Погодин вынужден был согласиться на приглашение «молодой редакции». Издатель журнала оставлял себе всю финансовую сторону, включая и гонорары. Скупость Погодина была из ряда вон выходящей; он платил Григорьеву и Эдельсону по 15 рублей серебром за печатный лист (16 страниц «Москвитянина»), в то время как критики в «Отечественных записках» и «Современнике» получали по пятьдесят. В этой области постоянно возникали конфликты: Погодин старался и при мизерной расценке платить как можно меньше, например, округляя суммы с изъятием копеек при итоге; молодежь терпела, но иногда взрывалась; Погодин записал в дневнике 15 июля 1854 года: «Пренеприятные счеты с Эдельсоном, который хуже всякого немецкого аптекаря. Что за подлецы». Убежден, что Эдельсон подобное думал о шефе. Из Погодина никак нельзя было выко­лотить изрядные суммы денег для привлечения в «Москвитянин» хороших писателей. Он даже, казалось бы, своему Островскому не захотел заплатить приличного гонорара за пьесу «Бедность не порок», и автор издал ее тогда отдельной книгой. Но редактор распоряжался не только финансами. Он оставался руководителем общественно-политической позиции журнала, возглавлял отдел истории; никак не хотел отдавать молодым отдел беллетристики, то есть художественной литературы, и часто публиковал там, наряду с произведениями «молодой редакции», сочинения разных старомодных писателей вроде М.А. Дмитриева или А.С. Стурдзы.

И все-таки молодые оттяпали у шефа очень ценные отделы, которые, собственно, и составляли лицо обновленного «Москвитянина»: критику, библиографию, научные статьи по эстетике и литературоведению, художественные переводы зарубежных писателей, важный отдел «Смесь» с обзорами, заметками, фельетонами; влияли на формирование и центрального отдела – беллетристики.

Первые месяцы функционирования «молодой редакции», то есть почти весь 1850 год во главе ее стоял Островский. Он больше выступал как символ, как объединяющая друзей фигура, чем как реально редактор, как руководитель отделов или как творческая личность. Помимо публикации «Банкрута» он поместил в «Москвитянине» две-три критических статьи (достоверно известны две — о повестях Е. Тур «Ошибка» и А.Ф. Писемского «Тюфяк»). В этих статьях Островский выражал типичные для «молодой редакции» антизападнические идеи: в иностранных литературах, дескать, на первый план выдвигается личность, эгоизм личности, да и в отечественной литературе «натуральная школа» обращает внимание главным образом на личные начала, в том числе и на личные отношения авторов к изображаемому, с выделением личных «привычек и капризов» авторов (намек на «Капризы и раздумья» А.И. Герцена).
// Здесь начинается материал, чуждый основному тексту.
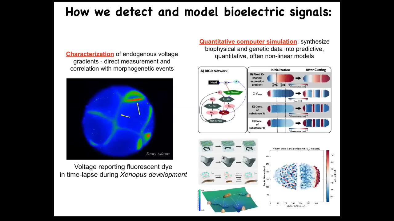 First, it's voltage-sensitive fluorescent dyes. What you're seeing here is a time lapse of an early frog embryo, where we can see all the electrical conversations that all these cells are having with each other. We get to read the voltages, and then we do simulations. We have this simulator, and we do work to try to understand how the molecular biology of the ion channels gives rise to electrical circuits that have specific behaviors.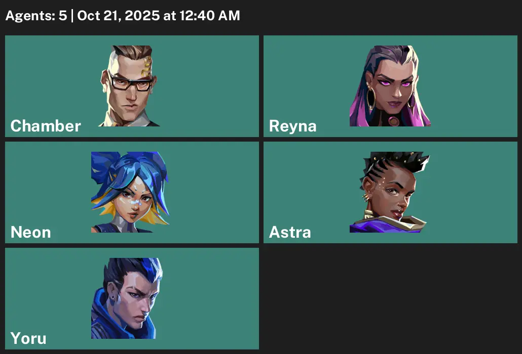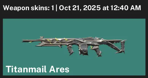 🦾 EU 💉 Unranked 🦤 1 Skins 🍔 525 VP 😒 5 Agents 🎃 Value: 1275 VP 📻 Titanmail Ares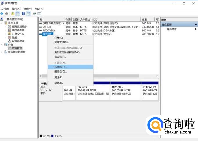 接下来,选择你想要分割分盘的磁盘,单击鼠标右键,选择“压缩卷”,这是为了腾出分盘的空间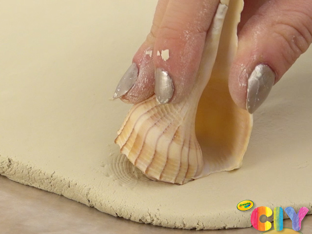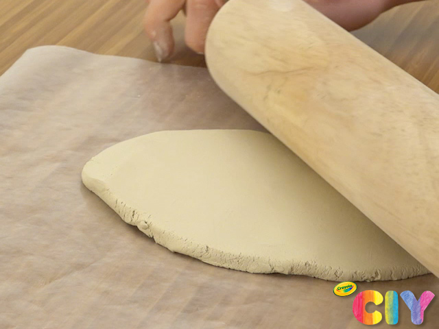On wax paper, flatten a large clay ball with a rolling pin to create the surface for your imprints. Make it thick enough to make your impressions!
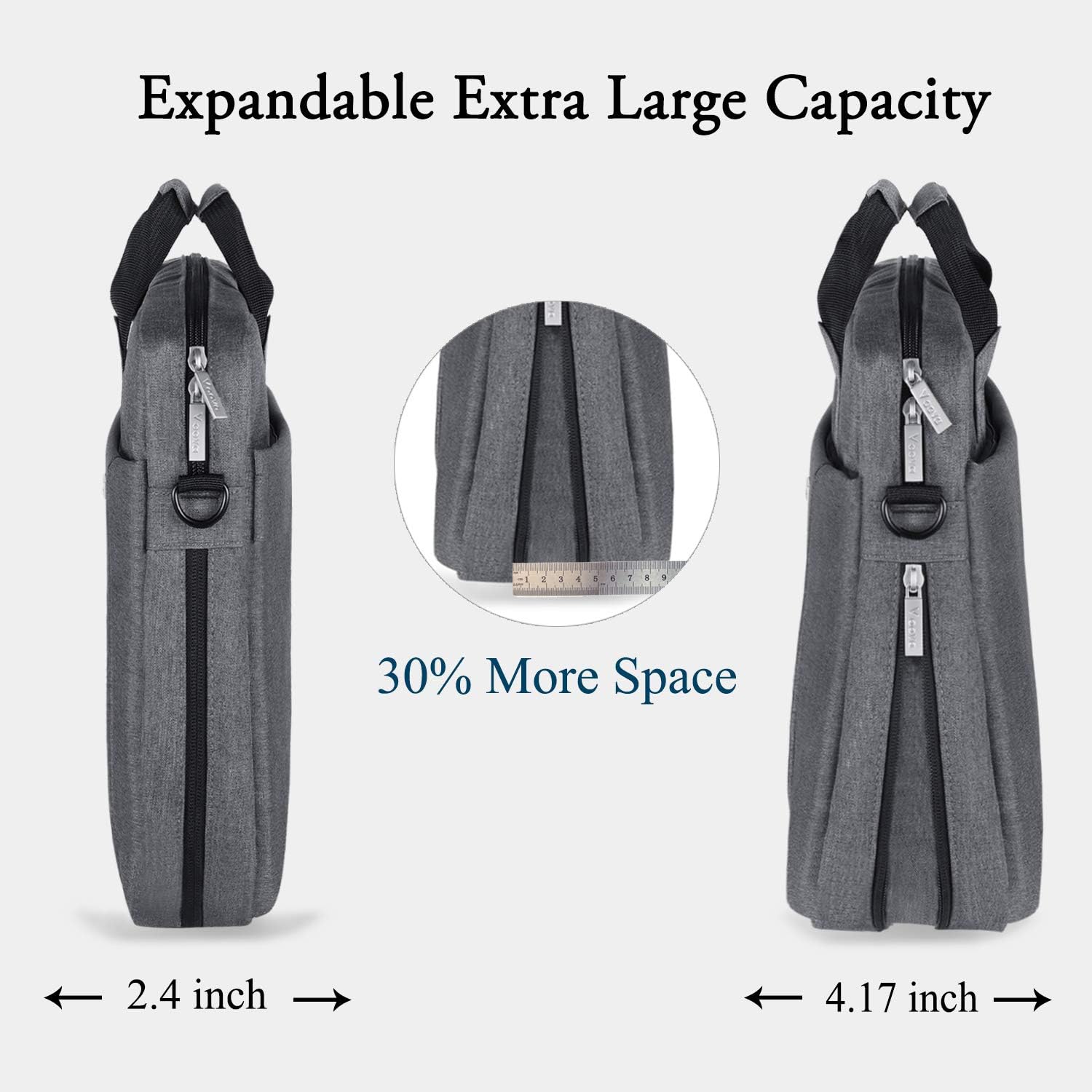 - Expandable Capacity(2.4-4.17 inch): One unique features of this 17 inch laptop bag is invisible expansion zipper at the bottom, which can be extended additional 1.77 inch and increase the overall inner space of the briefcase. Extra capacity allow more bully laptop or more stuffs to be stored during work and business trip when you need.

Всему этому противопоставляются иные принципы: «Отличительная черта русского народа отвращение от всего резко определившегося, от всего социального, личного, эгоистически отторгшегося от общечеловеческого, кладет и на художество особенный характер: назовем его характером обличительным. Чем произведение изящнее, чем оно народнее, тем больше в нем этого обличительного элемента».

«Общечеловеческое» здесь выступает явным символом общехристианских нравственных идеалов, а лично-эгоистическое должно судиться и обличаться в свете высоких общечеловеческих идеалов. Островский из деликатности молчит относительно своего творчества, но он явно «Банкрута» относил к таким произведениям, где корысть, эгоизм обличаются от имени «общечеловеческой» этики.
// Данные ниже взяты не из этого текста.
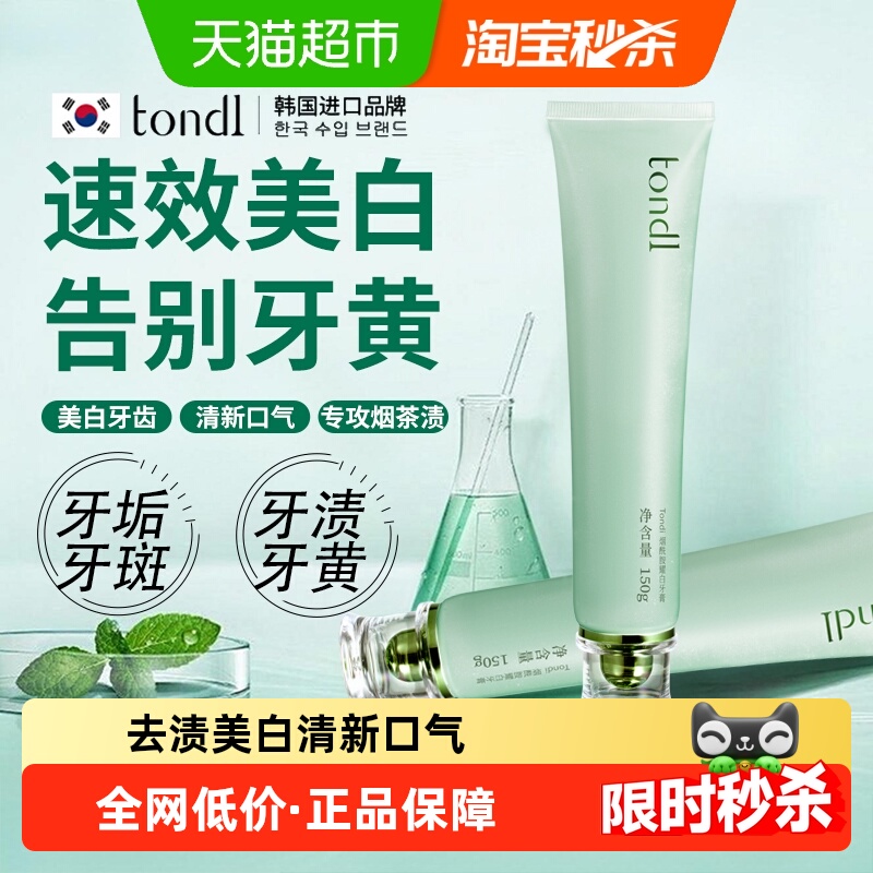Tondi不含氟美白牙膏去黄去牙渍去烟渍清新口气亮白留香呵护牙齿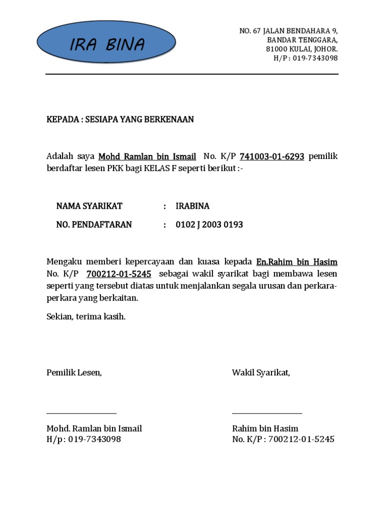 Contoh Surat Wakil Jpj 34wm1r2vd8l7

Наверное, характеру Островского, как бы ни пользовались успехом его серьезные и оригинальные рецензии, была чужда деятельность литературного критика, тем более ему оказалась чужда роль руководителя и редактора — он все-таки был по натуре свободный художник, его больше интересовало собственное художественное творчество; да еще ему надоели частые конфликты с Погодиным. И как только в «молодую редакцию» вошел Ап. Григорьев, явно жаждущий «примировать», возглавлять группу, Островский стал отходить от руководства и передоверять свои функции Григорьеву.

Легенда о том, что Григорьев как бы вытеснил Островского, совершенно ложная, она ни на чем не основана. Сохранилось письмо Островского к Погодину (осень 1851 года), где он просит издателя об отставке от редакторства. А в «молодой редак­ции» драматург по-прежнему оставался идейно-художественным символом, его творчество периода «мрачного семилетия», от «Банкрута» до «Бедной невесты» и «Не в свои сани не садись», развивалось именно в русле идеалов «молодой редакции»; как сам Островский отметил в письме к Погодину от 30 сентября 1853 года, от обличения в первой пьесе он перешел далее к изображению прежде всего положительных начал народного быта.
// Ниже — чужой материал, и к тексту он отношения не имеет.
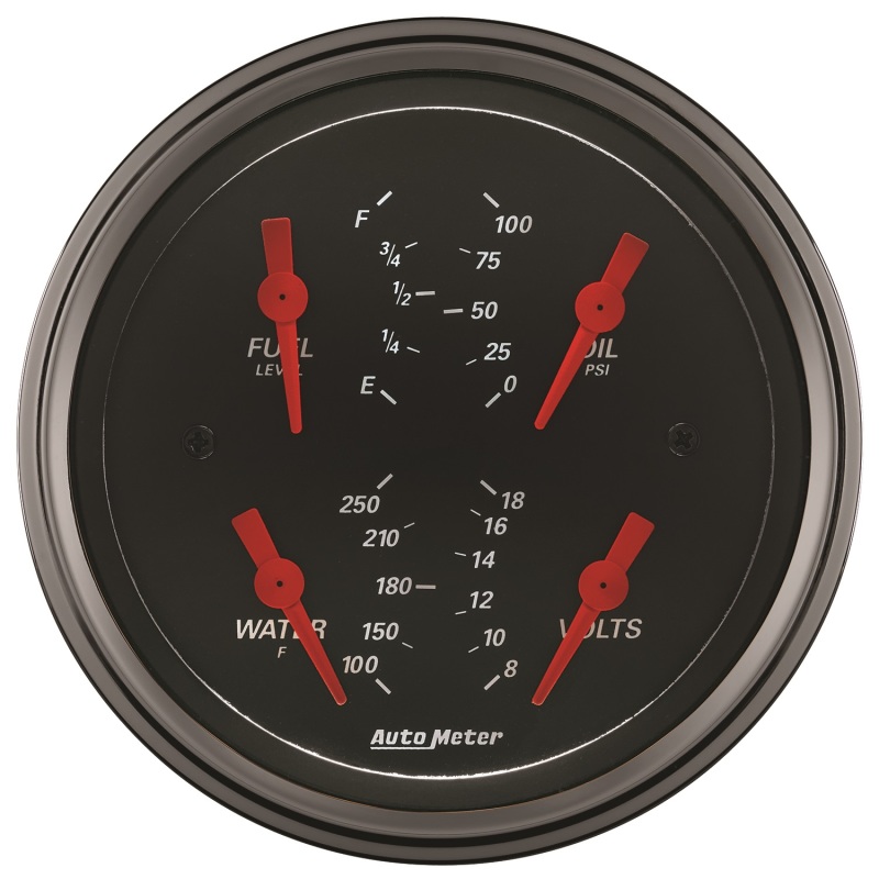 Sometimes space is limited. The AutoMeter Quad Gauge provides a solution to limited dashboard space while providing a clean look. Individual AutoMeter air core meter movements for each function provide the accuracy and durability required by even the most demanding applications. Includes a single wire 1/8? NPT temperature sender and a 1/8? NPT oil pressure sender. The voltmeter reads from 8-18v on negative ground electrical systems and fuel level resistance range is 0 ohms empty to 90 ohms full (compatible with Amid 60?s through mid 90?s GM fuel level senders).

А Григорьев вошел в «молодую редакцию» на закате 1850 года: первая его рецензия в обновленном «Москвитянине» появилась в № 17, то есть в первом сентябрьском номере (журнал при «молодой редакции» стал выходить два раза в месяц), а уже с начала 1851 года он выступает как один из самых плодовитых сотрудников. Видимо, с конца 1850 года он и стал негласным руководителем молодых, ибо явно по его инициативе с января 1851 года в «Москвитянине», подобно другим толстым журналам, стали публиковаться ежемесячные обозрения текущей периодики, которые составляли, кроме него, главные участники «молодой редакции».

Каким образом Григорьев вошел в этот новый круг друзей? Т. Филиппов, явно преувеличивая свою роль в создании «молодой редакции», и в отношении Григорьева считал себя главным «вводителем»: якобы когда Григорьев стал преподавать в 1-й московской гимназии, он там сблизился с учителем Филипповым, который и ввел коллегу в группу Островского. Вряд ли это соответствует действительности: Григорьев поступил в гимназию 15 марта 1851 года, а он в это время был уже ведущим деятелем «молодой редакции». Трудно сказать, познакомился ли он с Филипповым только в 1-й гимназии, или раньше, скорее всего – раньше, когда стал активно участвовать в «Москвитянине». С кем он явно был знаком уже несколько лет — это с Островским. Имеются сведения, что он познакомился с ним в 1847 году, у В. Н. Драшусова в «Московском городском листке», где сам он, как мы знаем, был чуть ли не главным сотрудником, а Островский тоже поместил несколько драматических отрывков. Вполне возможно, что тогдашнее знакомство было шапочное, ни о какой дружбе той поры мы не знаем.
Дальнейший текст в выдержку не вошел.